Grupa stwierdza, że kończą im się zapasy, więc uderzamy w trójkę z powrotem do wioski na zakupy. Tymczasem na niebo nadciągają chmury, ale nie wyglądają na deszczowe, więc zapowiedzi rychłego opadu nie sprawdziły się radiowcom.
Do jeziora wracamy inną trasą, zatem mam okazję przyjrzeć się budynkom przy głównej ulicy. Szczególnie dwa wydały się interesujące: dom z kolumnami przypominający dworek oraz szkoła, na której rogu umieszczono figury dwóch małych, gołych chłopców.



Na wieczorne ognisko będą dziś serwowane kartofelki z żaru. Krwawy od czasu do czasu rzuca wieściami pogodowymi - jutro ma zacząć lać o czternastej, bardzo mocno, i tak do wieczora. Potem, że właściwie już w nocy można spodziewać się opadów, lecz i ta prognoza się nie sprawdziła. W ogóle internet nie jest zbyt optymistyczny, jeśli chodzi o przyszłość, bo pierwszy dzień bez deszczu ma być dopiero... 2 czerwca, czyli za ponad tydzień.
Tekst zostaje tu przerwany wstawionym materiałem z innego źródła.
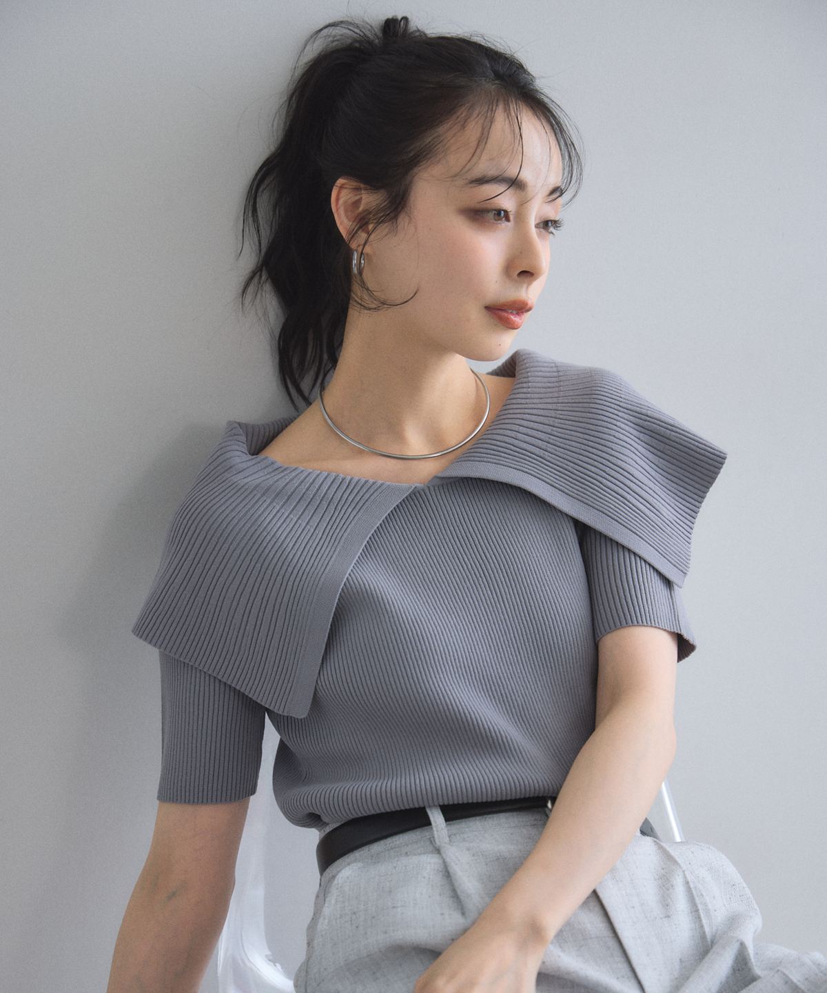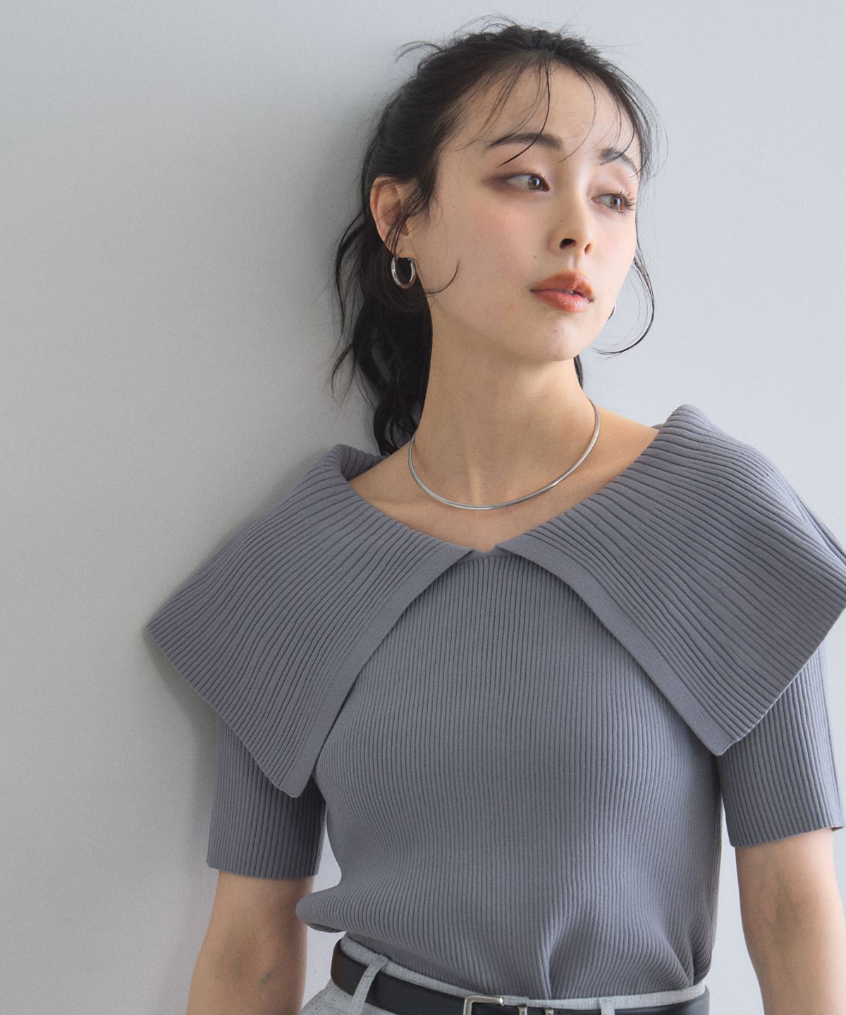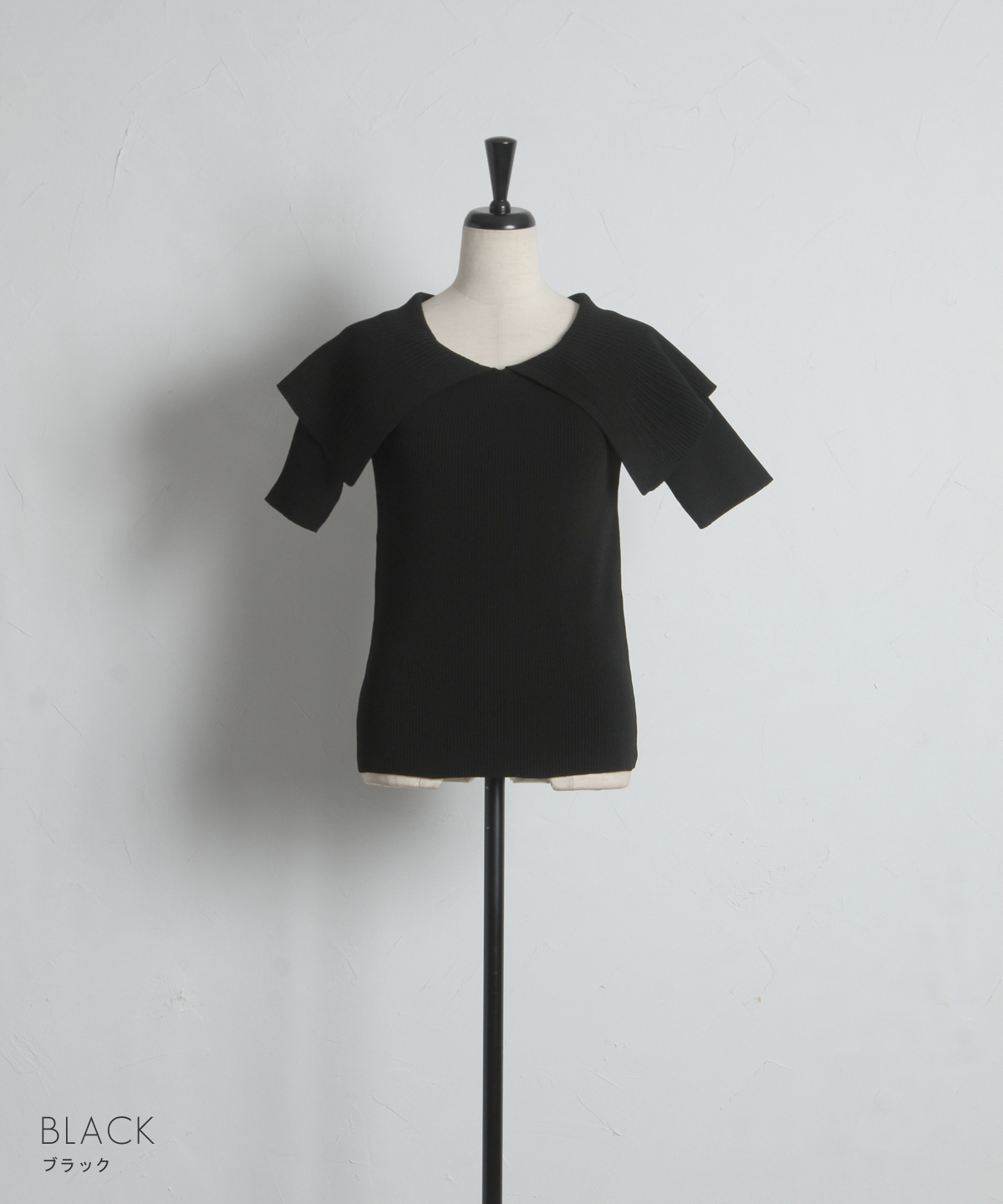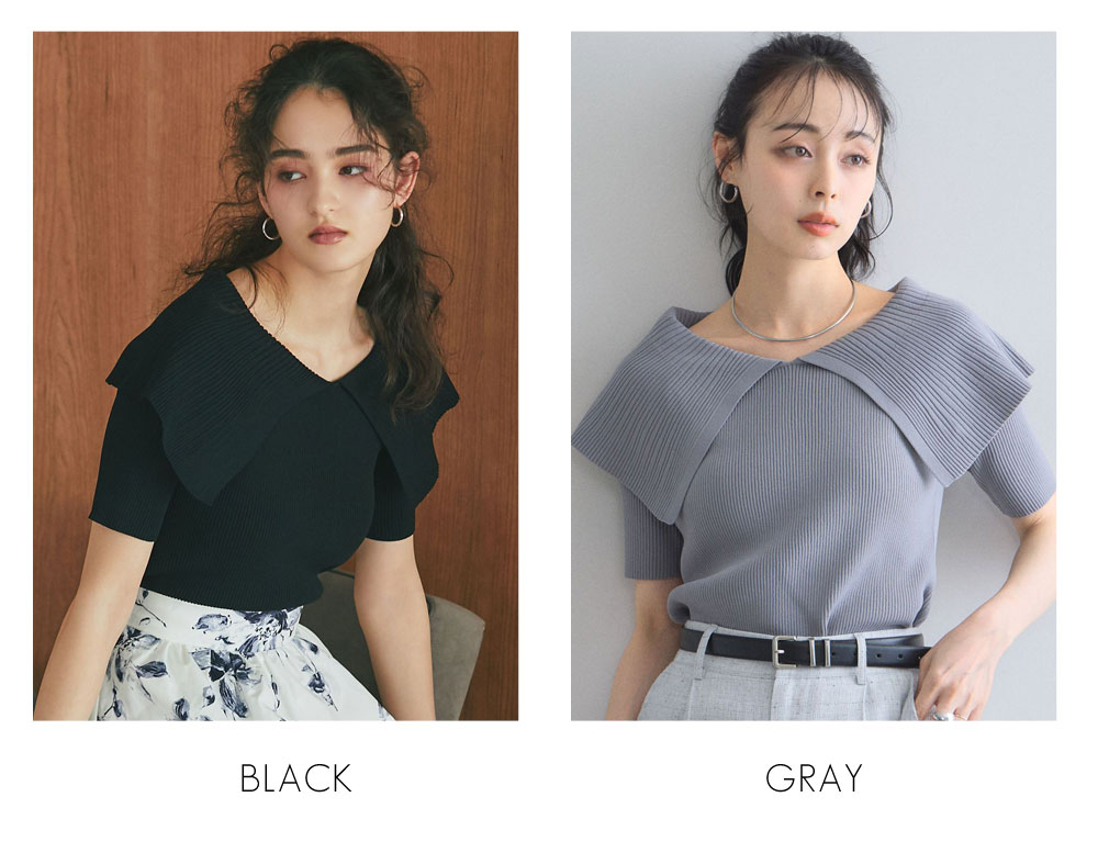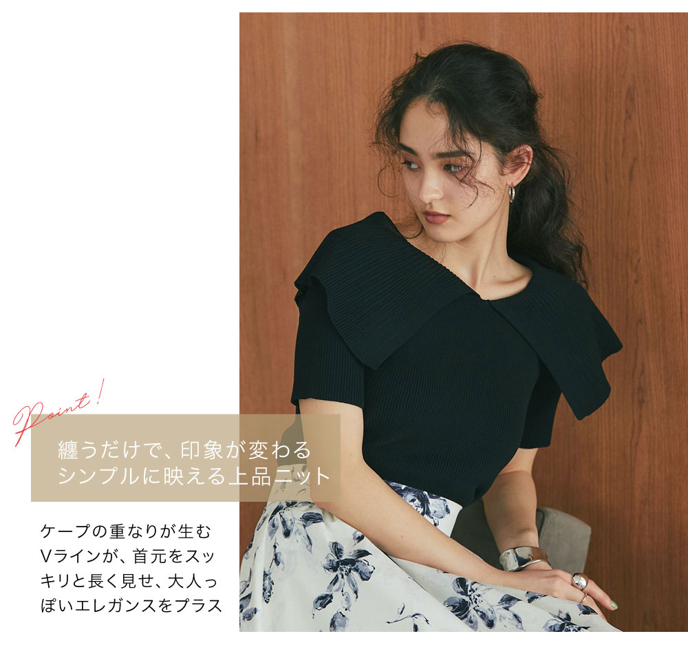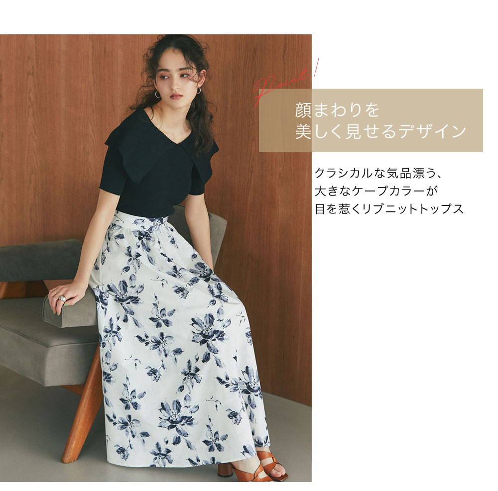 クラシカルな気品漂う、大きなケープカラーが目を惹くリブニットトップス。

Otaczający nas las nie śpi. Słychać zwierzątka, pohukuje sowa, ćwierkają ptaszki. W pewnym momencie gdzieś od strony drogi (oddalonej o niecały kilometr) zaczyna dobiegać ujadanie psa, wściekłe i groźne. Brzmi dość niepokojąco i trwa z dobre pół godziny. Odzywają się jelenie, momentami też przypominające psy. A następnie rozlega się huk, trąbienie syreny i po torach przetacza się lokomotywa wraz z dziesiątkami wagonów. Znowu się okazuje, że oficjalnie zamknięta linia kolejowa jest jak najbardziej czynna dla niektórych składów.

Poranek wstaje piękny, słoneczny i cichy. Nie licząc kolejnego tłukącego się pociągu.




Śniadanie w dymie.


Zbieramy się w południe, licząc, że zdążymy przed deszczem. Jak na razie niebo się zaciągnęło, lecz jeszcze nie pada... Krwawy włącza do ruchu swój wynalazek sprzed roku - plecak na kółkach, czyli wózek. Podobnie jak ostatnio pod Kryłowem okazał się on nie do końca sprawny, bo już po krótkiej chwili coś odpadło 😛.


Leśny przejazd przez otwartą zamkniętą linię. Znaków nie żałowali.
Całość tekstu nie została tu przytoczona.